The computer program also captured all keystrokes made during the completion of each task. Errors included accessing the wrong function or the wrong patient, typing in the wrong command, making typographic errors, and backtracking. The number of errors were summed per task and averaged across the ten trials in each block of requested tasks. The grand mean across the four blocks of trials was also calculated.
Besides summed errors, task accuracy was assessed. An entire task was counted as incorrect if it contained any errors. The total number of incorrect tasks was summed per block and averaged. The grand mean of incorrect tasks was calculated for the 40 tasks per display.

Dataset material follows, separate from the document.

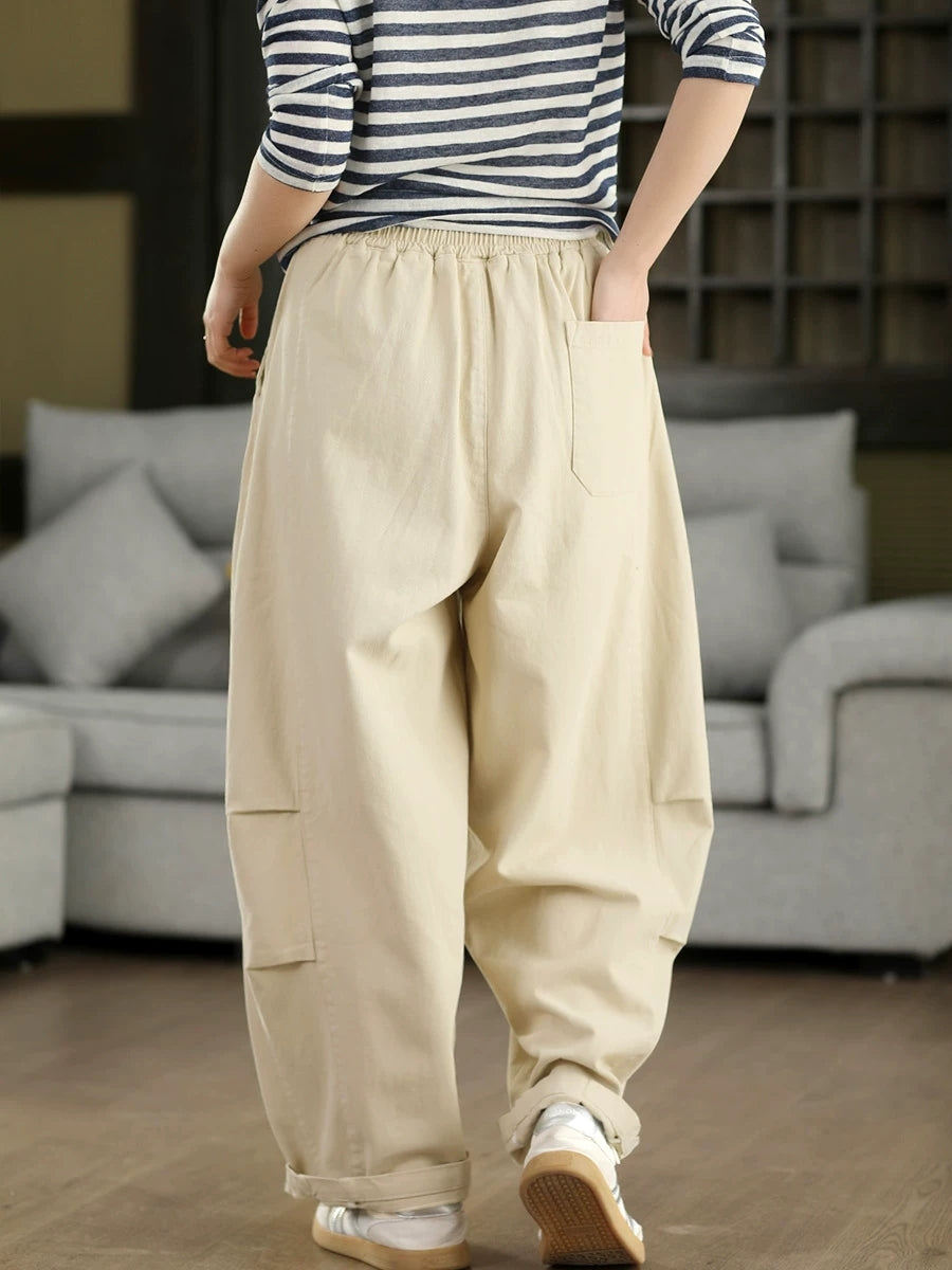 מכנסי הרמון לנשים באביב מזדמנים בצבע טהור 100% כותנה

Each participant's satisfaction was measured by use of the QUIS, or Questionnaire for User Interaction Satisfaction (short form).29 Construct validity for the questionnaire was assessed by comparing a) software that was liked and disliked and b) a command-line versus menu-driven application. Total scores for the QUIS were significantly different for the liked and menu-driven applications. Inter-rater reliability using Cronbach's alpha was 0.94.30
Nurse-Computer Interaction Results
As shown in Table 1 and Figure 4, mean performance response times across requested tasks began at a high level in the first block of tasks for the text-based interface (73.77 sec) and dropped gradually by the fourth block of tasks (49.71 sec) as users became more proficient in the use of the system. The mean response time for the prototype GUI began at a much lower level (36.46 sec) and decreased progressively as the trials were completed (29.49 sec). By the last block of trials, nurses were still twice as fast using the GUI as using the text-based interface. Descriptive statistics for main variables of response time and errors are listed in Table 1.
The response-time data distribution here reflects a typical pattern in response-time studies (Figure 4) where skewness is expected. The response-time data distribution was positively skewed but at a low value (0.878). Stevens31 indicated that significant skewness has only a slight effect, of a few hundredths, on the overall level of significance. Kurtosis, on the other hand, would be a more difficult issue.

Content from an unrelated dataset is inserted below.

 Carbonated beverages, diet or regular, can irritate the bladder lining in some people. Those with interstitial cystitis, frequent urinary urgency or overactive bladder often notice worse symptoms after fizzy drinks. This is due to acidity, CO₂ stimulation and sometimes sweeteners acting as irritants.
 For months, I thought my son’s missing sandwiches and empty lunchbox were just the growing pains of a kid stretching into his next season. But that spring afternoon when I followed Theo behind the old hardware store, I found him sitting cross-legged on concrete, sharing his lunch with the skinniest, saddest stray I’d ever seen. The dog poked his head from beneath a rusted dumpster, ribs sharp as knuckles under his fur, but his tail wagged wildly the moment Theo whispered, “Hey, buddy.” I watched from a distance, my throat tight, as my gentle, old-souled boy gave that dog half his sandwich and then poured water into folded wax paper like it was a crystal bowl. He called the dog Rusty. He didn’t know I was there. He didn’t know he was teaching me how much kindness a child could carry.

Several methods are available to deal with significantly skewed data and outliers,32 including data transformation, medians ANOVA analysis, and the use of cutoff response times. Ratcliff32 compared these methods using simulations and found that none affected the alpha level, but the inverse transformation had higher power than the other methods. Researchers studying human-computer interaction typically do not transform data as is common in other arenas. They perform ANOVA using medians rather than means. The investigators chose not to report median testing for several reasons. First, the skewness of the data distribution was minor and was probably related to the large sample size for the study design. Second, power was not an issue in this study. Third, in five of the ten tasks in each block, the means and medians were equal (for the two activate, two modify, and one discontinue tasks). To ensure that the effect of the remaining five tasks did not influence the response-time results, the investigators ran repeated-measures ANOVA using both response-time means and medians. The prototype GUI was faster than the text-based interface on means ANOVA testing (F(1,97) = 407.49, P < 0.0001). Using medians ANOVA testing, the same comparison was F(1,97) = 403.00, P < 0.0001. The results were essentially the same using either analysis. Last, because the use of medians ANOVA testing is unusual outside human-computer interaction circles, it may be as controversial as is transformation of data within those circles. For these reasons, the means ANOVA analysis is reported here.

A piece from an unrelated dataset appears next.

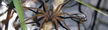 The Fen Raft spider (Dolomedes plantarius) lives by freshwater and is one of the UK’s rarest native species. Adult spiders can grow to a length of 7cm, including their legs, and they are typically brown or black, with yellow or white stripes along the sides of their body. They are capable of hunting and hiding underwater on stems of plants.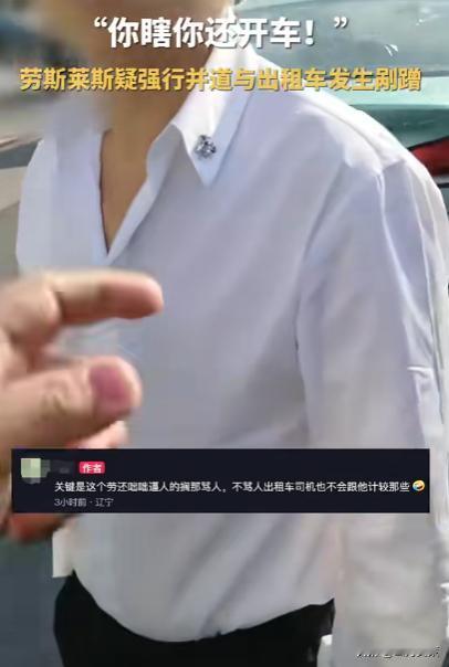 太气人了!辽宁,一劳斯莱斯强行并道与出租车发生剐蹭,车上下来一女子后,指着出租车司机大骂:“你瞎你还开车!”司机师傅冷静应对,一番话让对方无言以对!网友:龇牙咧嘴展现的淋漓尽致! 司机陈师傅(化名)作为一名出租车司机,平常就是靠着这份工作赚钱养家糊口,平常穿梭在大街小巷里面,接待各种各样的顾客,为了避免在路上遇上什么麻烦事情,陈师傅开车一直都十分小心翼翼。 可是一些事故的发生却总是让人始料未及,这天他开着出租车在堵路上正常行驶,本来一切都很寻常,谁知到,车后方突然冒出来了个劳斯莱斯,不知道是想要超车还是干什么,和陈师傅的出租车强行并道。 但是因道路狭窄,两辆车来了一场亲密接触,双方车子都有损坏,只能都停下来处理事情。 像道路上发生剐蹭这种事情比较常见,一般就是谁有问题,谁赔谁就完事了,大家和平协商,修个车就解决了。 谁知道陈师傅本想好好解决问题,但劳斯莱斯车主方来了一男一女,俩人下车后那架势就不是好好解决问题的样子,反而一副要干架的感觉。 因此双方交流并不愉快,可能陈师傅说了声自己瞎之类的话语,可算是让女子接着话茬了,上去就全开麦,不管三七二十一,就怼脸大声斥责:“你瞎你还开车!你瞎你就不具备开车条件,前面有个车你不挡,你不停”...... 接连重复好几次,一边说一遍也拿出手机拍摄,陈师傅被怼的有口难辩,硬是挤出来一句:“我在我自己道上走.....” 话还没说完,穿西装的男子开口就说:闭上你的臭嘴! 随后俩人气势汹汹的开怼,陈师傅实在忍无可忍,实在不想跟他们有过多的纠纷,大声表示:谁有毛病咱叫警察来,警察说我的错我给你修,警察说你的错你跟我修就完了! 对方这才败下阵来,后来这段事情被爆料,虽然视频里面并不是事情的全貌,这件剐蹭事件不知是谁的责任,但也不管是谁的责任,也不能以这种态度对他人,得饶人处且饶人,这就不是一个解决问题反而是一个激化问题的方式。 所以网友们纷纷表示:“由交警处理,有交法,嚷也没用,有理不在声高” “师傅说的没错,警察来谁的错谁承担” 对此您怎么看呢? 来源:看度新闻

A three-factor (screen types/order types/and blocks of tasks) repeated-measures analysis was used on the data to determine any differences between the two types of interfaces. Each result for main effects was significant (P < 0.001) with the alpha level set at 0.05. As shown in Figure 4, the prototype GUI was significantly faster than the text-based interface (F(1,97) = 407.49, P < 0.0001). Simple main effects testing using the Tukey test revealed significantly faster response times for the prototype GUI than for the text-based interface for each block of requested tasks. The Bonferroni technique was used to adjust the P level to 0.01. A significant decrease in response time for both interfaces occurred from block 1 to block 4 (F(1,97) = 75.17, P < 0.0001), representing a significant learning effect for both interfaces. The main effect for order types was statistically significant (F(1,97) = 119.43, P < 0.0001). Simple main effects testing showed that the prototype GUI was significantly faster than the text-based interface for each block of trials where P < 0.01. However, of the four requested tasks, activating orders took nurses longer on both interfaces, averaging 57.75 sec. The mean time to complete other order types ranged from 35.67 to 43.01 sec.
The two-way interaction effects were statistically significant except for the block/order type interaction. Simple main effects testing using the Tukey test was done for each interaction effect. The Bonferroni technique was used to adjust the alpha level to 0.01. The interface and block interaction was statistically significant (F(3,291) = 27.02, P < 0.001). Response time was significantly faster for each block; however, response time with the text-based interface decreased an average of 20 sec across the four blocks, whereas the change with the GUI was much less dramatic. Difference in the patterns, one steep, one not, probably explain the finding, since at each level the prototype GUI was significantly faster.
The interaction for interface and order type was also statistically significant (F(3,291) = 23.07, P < 0.001). Completion of the requested task was significantly faster for each of the four order types with the prototype GUI (Figure 5); however, activating orders with the text-based interface took much longer than other order types. With either interface, activating an order set requires users to verify each order, contributing to the longer response time for this order type.
The three-way interaction of interface/order types/blocks was significant (F(9,873) = 3.13, P < 0.001). Again, this result was probably driven by the steeper pattern of decrease in text response times across blocks and order types. There was no significant difference between the interaction response times for men and women for either interface.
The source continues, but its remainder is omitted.